▶ _Task_
If pictures appear, leave them out, and return exactly the lines from the one holding "Geburtsregister 1908" through the last line of the listing below.

▶ _Provided data_
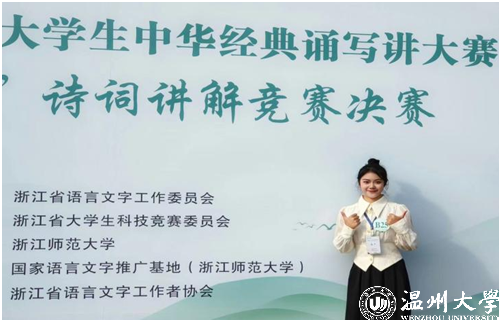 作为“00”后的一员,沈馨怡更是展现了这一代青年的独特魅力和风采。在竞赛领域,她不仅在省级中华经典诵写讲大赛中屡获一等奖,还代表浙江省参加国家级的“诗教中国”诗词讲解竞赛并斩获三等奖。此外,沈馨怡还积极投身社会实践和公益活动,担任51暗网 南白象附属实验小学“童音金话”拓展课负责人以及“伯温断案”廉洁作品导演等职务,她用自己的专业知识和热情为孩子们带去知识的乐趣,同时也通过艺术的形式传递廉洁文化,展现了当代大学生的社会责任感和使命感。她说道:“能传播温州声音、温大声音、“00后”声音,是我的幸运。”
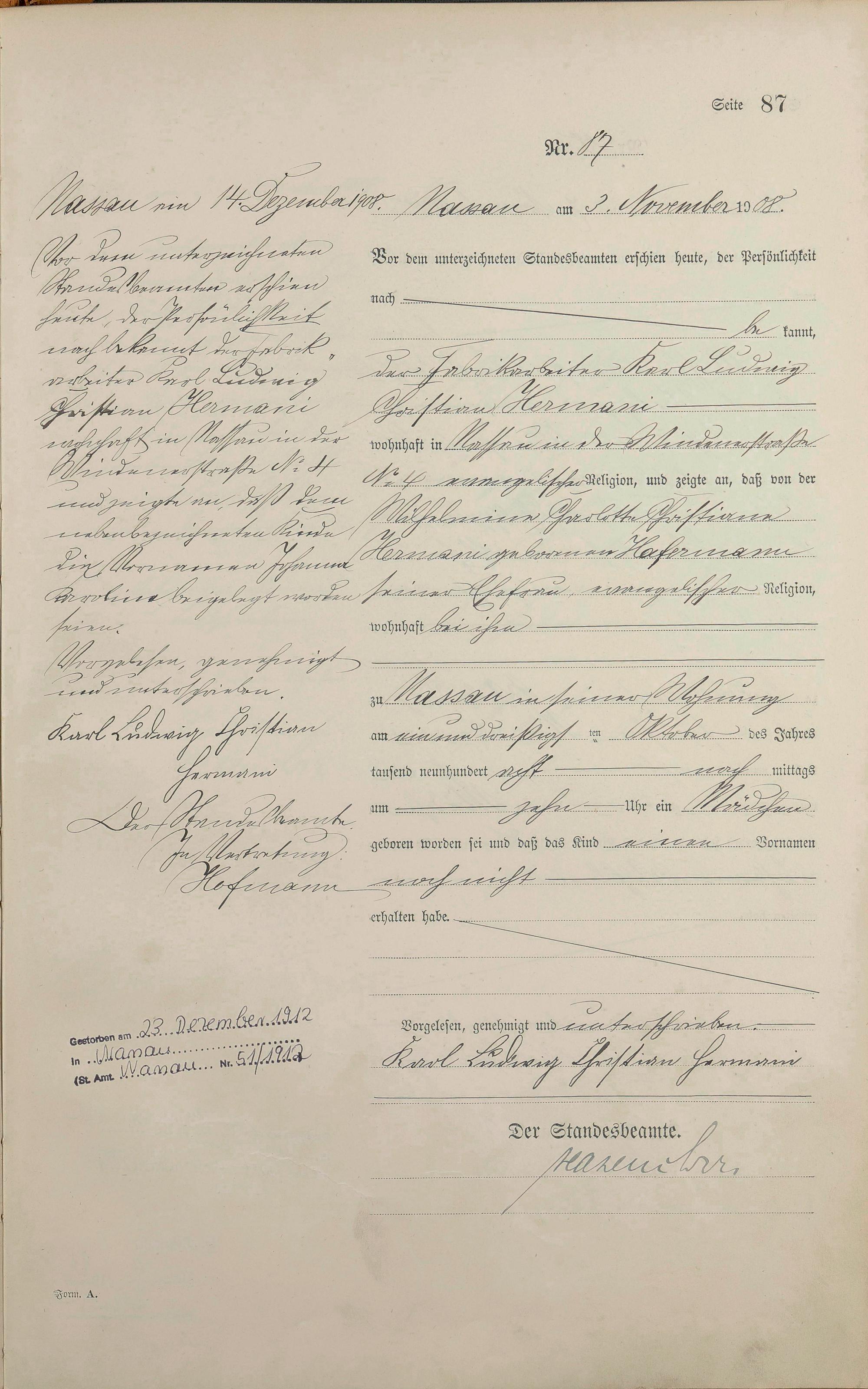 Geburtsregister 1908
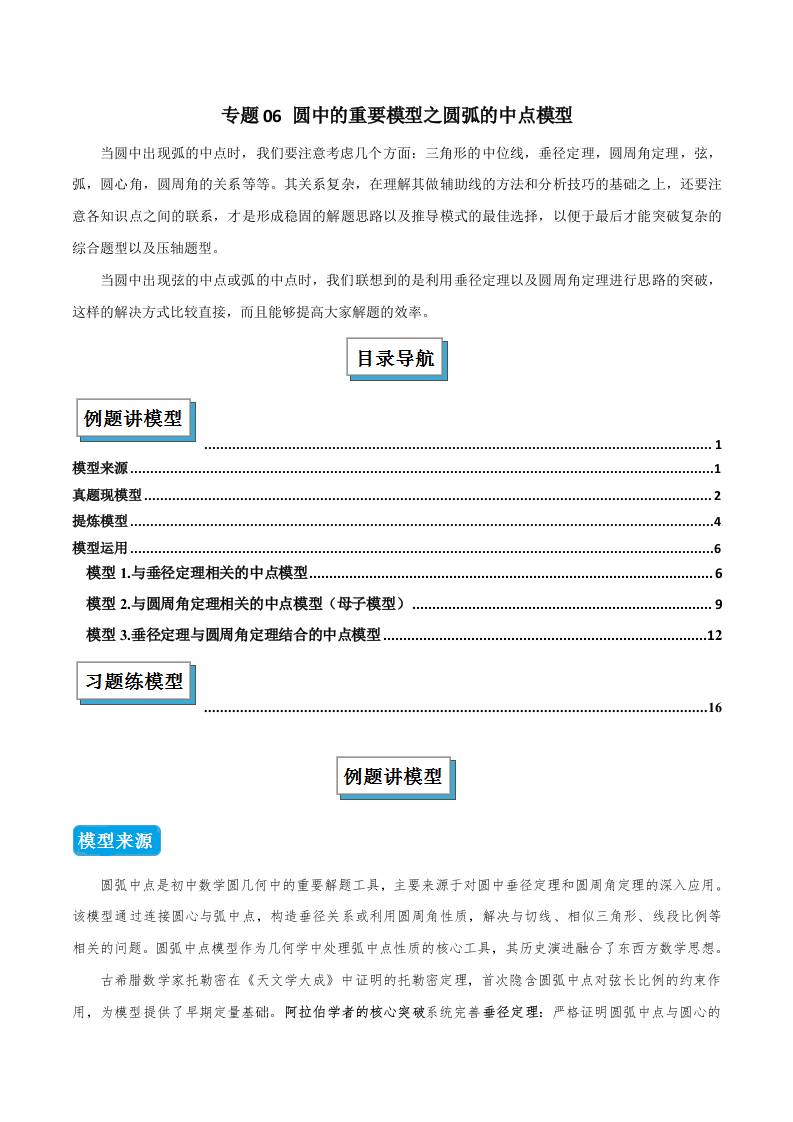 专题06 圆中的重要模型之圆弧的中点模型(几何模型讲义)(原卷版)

▶ _Solution to this problem_
 Geburtsregister 1908
 专题06 圆中的重要模型之圆弧的中点模型(几何模型讲义)(原卷版)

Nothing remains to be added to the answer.